Abstract
Historians and researchers rely on web archives to preserve social media content that no longer exists on the live web. However, what we see on the live web and how it is replayed in the archive are not always the same. In this study, we document and analyze the problems in archiving Twitter after Twitter switched to a new user interface (UI) in June 2020. Most web archives could not archive the new UI, resulting in archived Twitter pages displaying Twitter’s “Something went wrong” error. The challenges in archiving the new UI forced web archives to continue using the old UI. But, features such as Twitter labels were a part of the new UI; hence, web archives archiving Twitter’s old UI would be missing these labels.
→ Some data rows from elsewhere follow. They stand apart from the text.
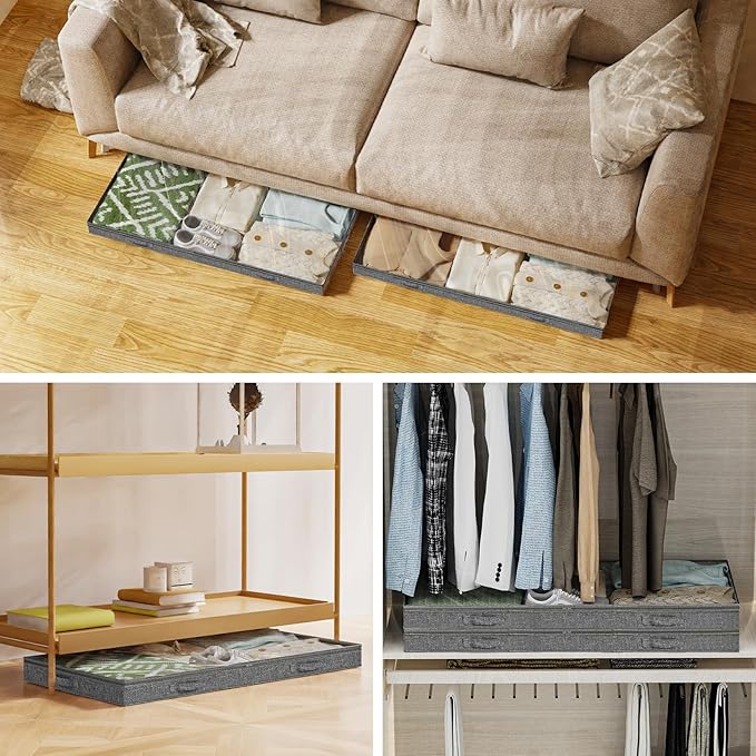 - Premium Material: This under bed storage container is made of high-quality, odorless composite linen fabric, which is breathable and waterproof. No-Structure and soft edge design make it easy to use in tight spaces.
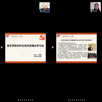 4月20日下午17时,音乐学院本科生党支部召开线上理论学习会议,重点学习领会习近平总书记3月15日给北京大学援鄂医疗队全体“90后”党员回信精神,以及“国家安全”相关理论知识。学院团委指导老师、学工办辅导员冯禹君主持会议,本科生党支部全体党员参加会议。
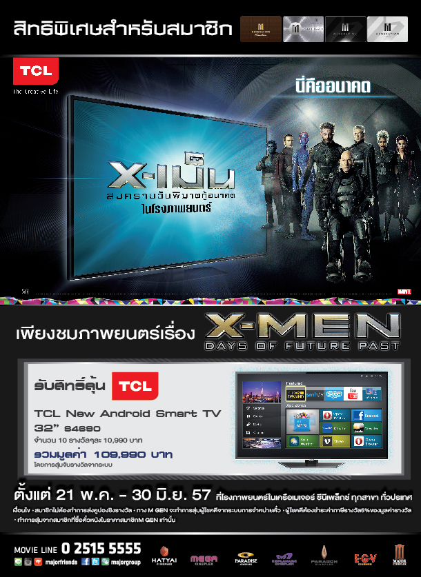 สิทธิพิเศษสำหรับสมาชิก MGENERATION CARD ชมภาพยนตร์เรื่อง X-Men : Days of Future Past รับ TCL New Android Smart TV 32’ S4690 จำนวน 10 รางวัลๆละ 10,990 บาท รวมมูลค่า 109,990 บาท
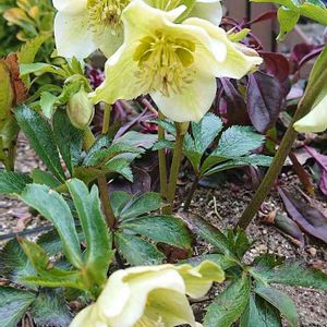 右のコップのドルフィンネックレスは、元は左の寄せ植えのクリスマスの奥に入っていました あまりに暴れて 後ろ髪ながっ‼️状態だったので、退散していただきました(^_^;) ドルフィンネックレスや三日月ネックレスは、茎が硬くて下に伸びるばかりで 寄せ植えに入れるには難しいですね😅 繁殖力もすごいのか、コップの中で もう根が出てきています😳 単独で植えて 暴れてもらうことにします😊
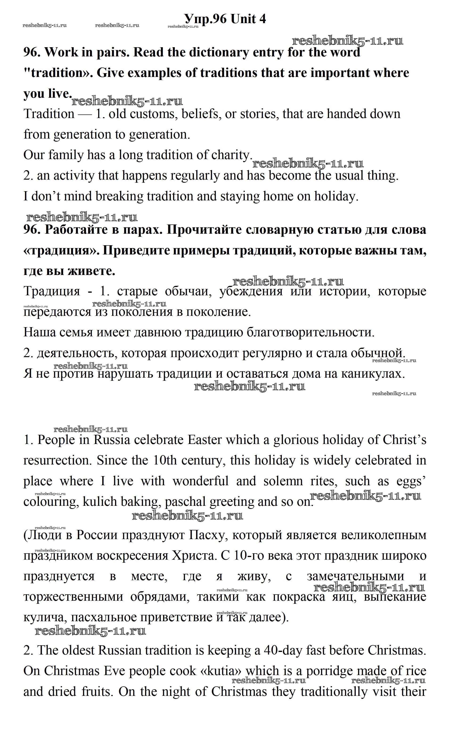 Готовая домашняя работа с ответами по Английскому языку за 11 класс Биболетова, Бабушис, Снежко Учебник Enjoy English Дрофа 2017 ФГОС - Unit 4. What Are Your Whereаbouts? 96
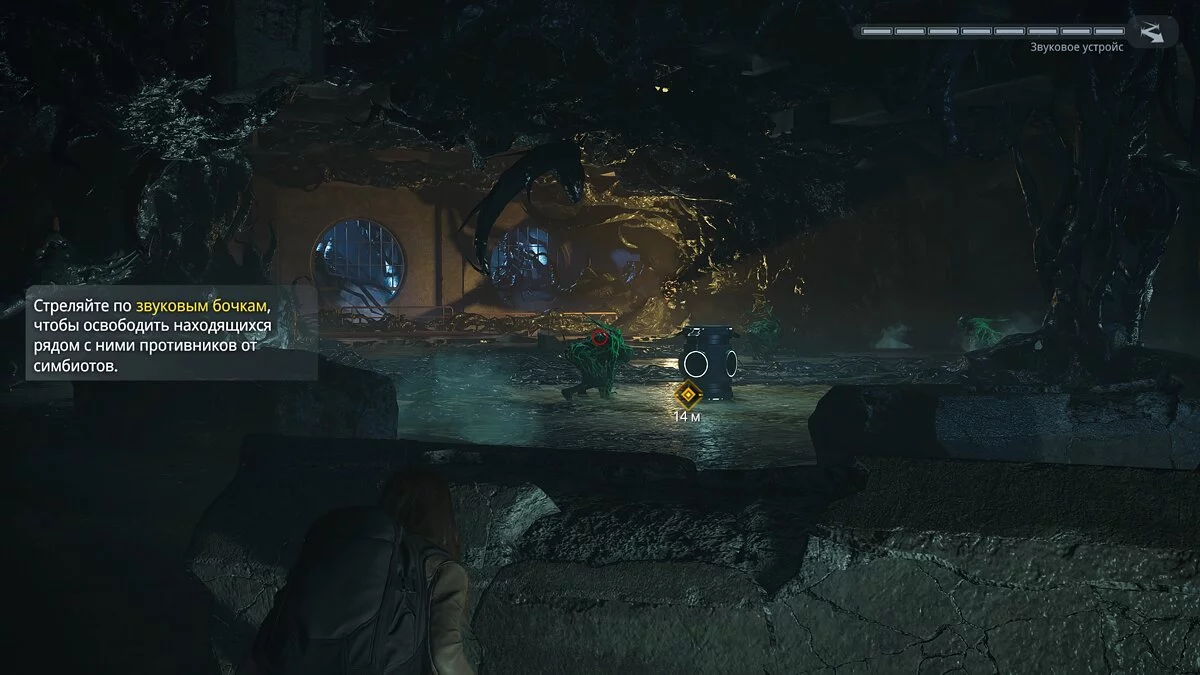 Z pomocą broni możesz zniszczyć symbioty. Będziesz potrzebować trzech strzałów na każdy. Ważne jest, aby celownik był czerwony, w przeciwnym razie trafienie się nie liczy.
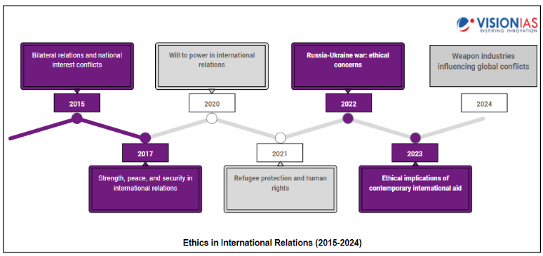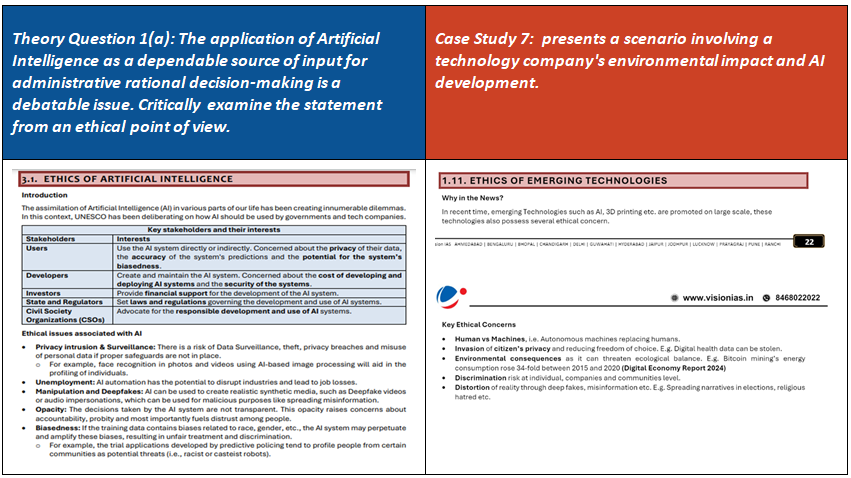 Questions increasingly demand linking ethical theory with current issues like AI, privacy, and global governance. VisionIAS resources aid this integration effectively.
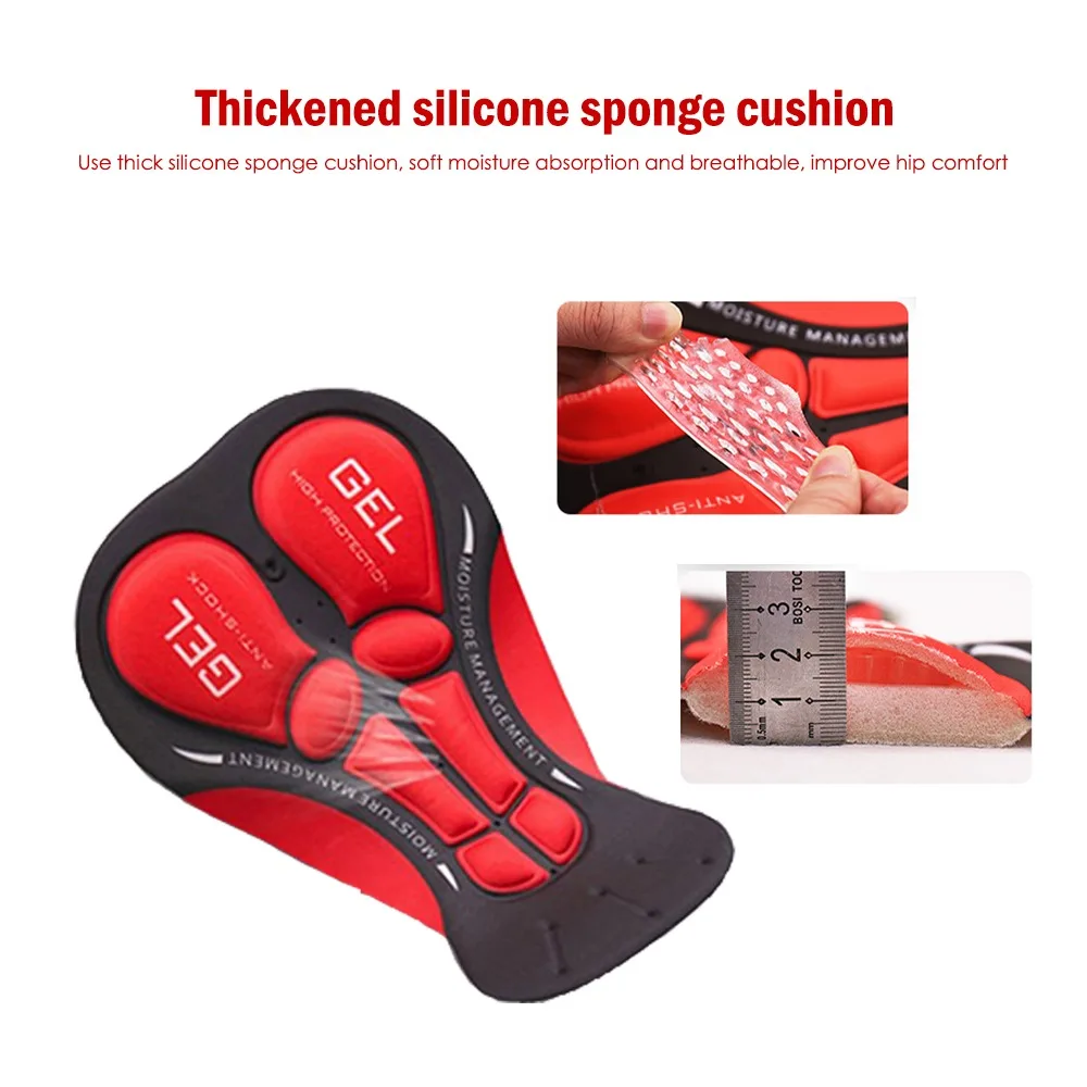 Особенности:-Дышащая ткань быстро отводит влагу и сохраняет прохладу и сухость.-Мягкие и эластичные велосипедные шорты помогают уменьшить раздражение, вызванное натиранием.-Уплотненная гелевая подкладка помогает облегчить боль в бедре, связанную с длительным циклом езды для женщин.-Не легко выцветает, ткань приятная для кожи, мягкая, весит светильник и хорошая эластичность.-Подходит для длительной и короткой езды, легкой езды по пересеченной местности, короткой дистанции и т. д.
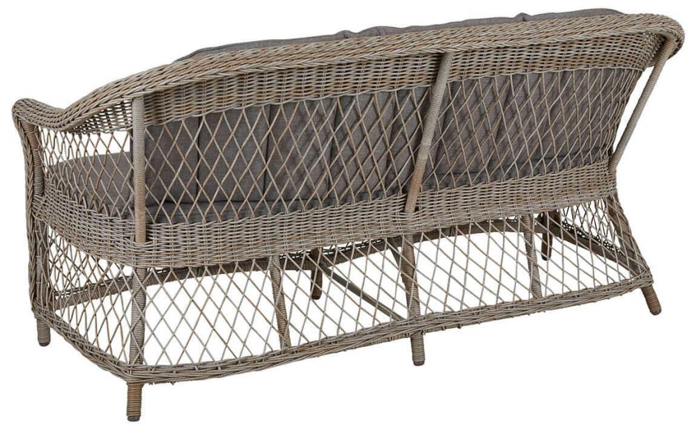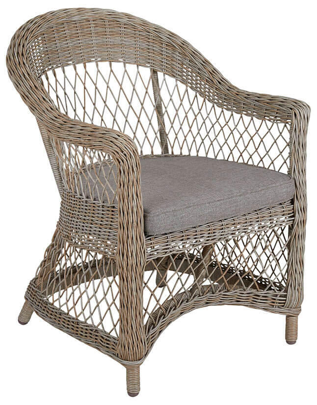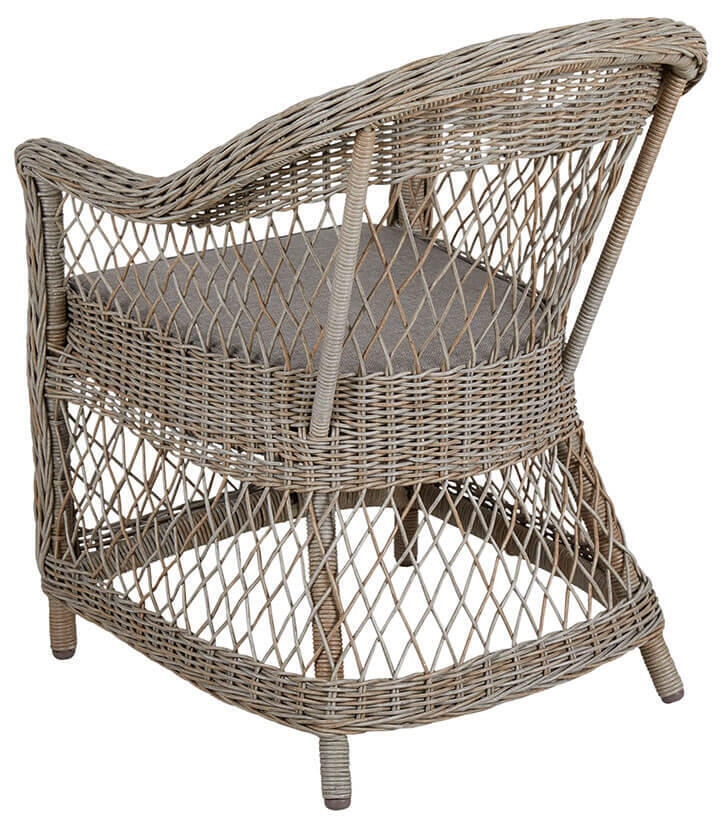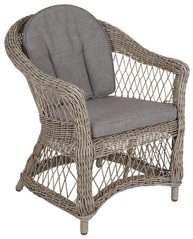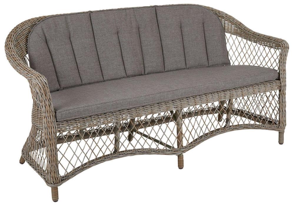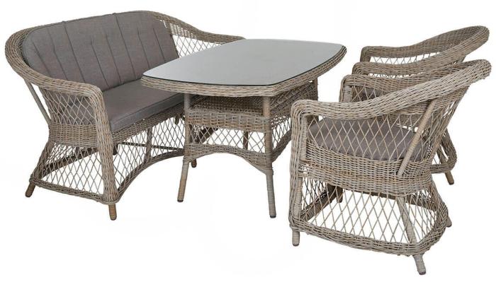 Alla delar i gruppen har en bas av beige konstrotting. Matbordet har en praktisk skiva av härdat glas, till soffan ingår både sittdyna och ryggdynor i beige olefintyg och till fåtöljerna ingår sittdynor. Fåtöljerna kan kompletteras med ryggdynor för extra hög komfort.
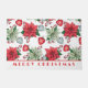 There are lovely holly berries, red and green poinsettias, and heart-shaped ornaments with snowflakes on them.
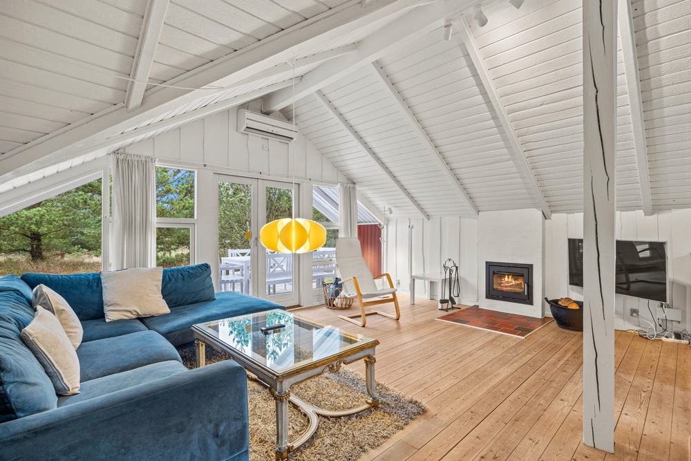 Das Haus entspricht voll und ganz einem traditionellen, dänischem Ferienhaus. Die hohen, offenen Decken mit den sichtbaren Holzbalken sowie die Vertäfelung strahlen so viel Gemütlichkeit aus. Wenn ihr dann noch entspannt mit einem Buch auf der Couch sitzt, das Feuer im Kamin knistert und euer Liebster euch einen warmen Kakao oder frisch aufgebrühten Kaffee reicht, ist wirklich Urlaub angesagt.
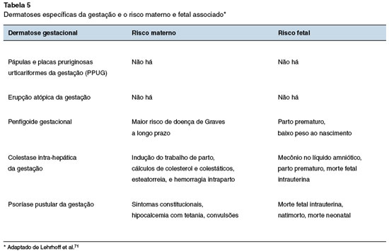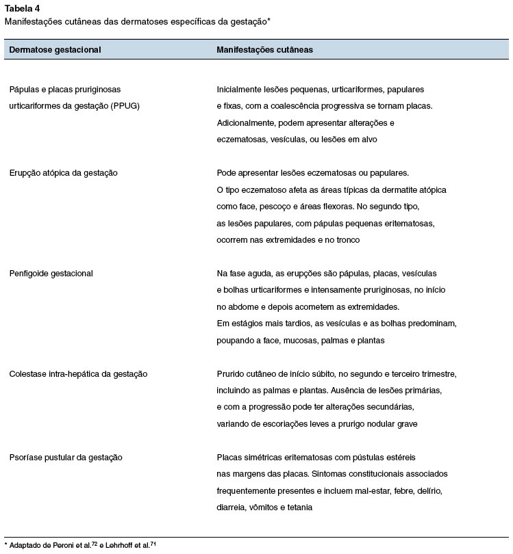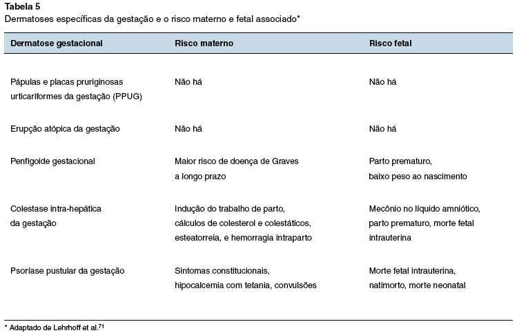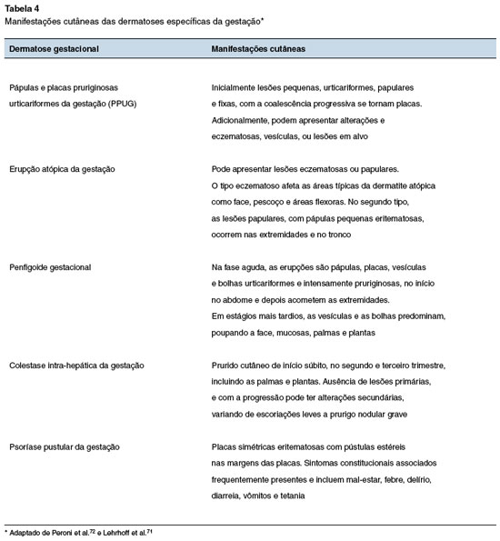 A gestação é um período caracterizado por alterações dermatológicas, com algumas dermatoses específicas desta condição, bem como o prurido sem lesão. A urticária até pode ocorrer durante, mas não é específica da gestação. As dermatoses da gestação são raras e não existem testes adequados para o diagnóstico, dificultando o seu manejo. As principais manifestações cutâneas e o risco materno-fetal das dermatoses da gestação estão descritas nas Tabelas 4 e 5, respectivamente11,60,71,72.

To analyze the potential loss of information in web archival data due to this change, we used the personal Twitter account of the 45th President of the USA, @realDonaldTrump, which was suspended by Twitter on January 8, 2021. Trump’s account was heavily labeled by Twitter for spreading misinformation; however, we discovered that there is no evidence in web archives to prove that some of his tweets ever had a label assigned to them. We also studied the possibility of temporal violations in archived versions of the new UI, which may result in the replay of pages that never existed on the live web. We also discovered that when some tweets with embedded media are replayed, portions of the rewritten t.co URL, meant to be hidden from the end-user, are partially exposed in the replayed page. Our goal is to educate researchers who may use web archives and caution them when drawing conclusions based on archived Twitter pages.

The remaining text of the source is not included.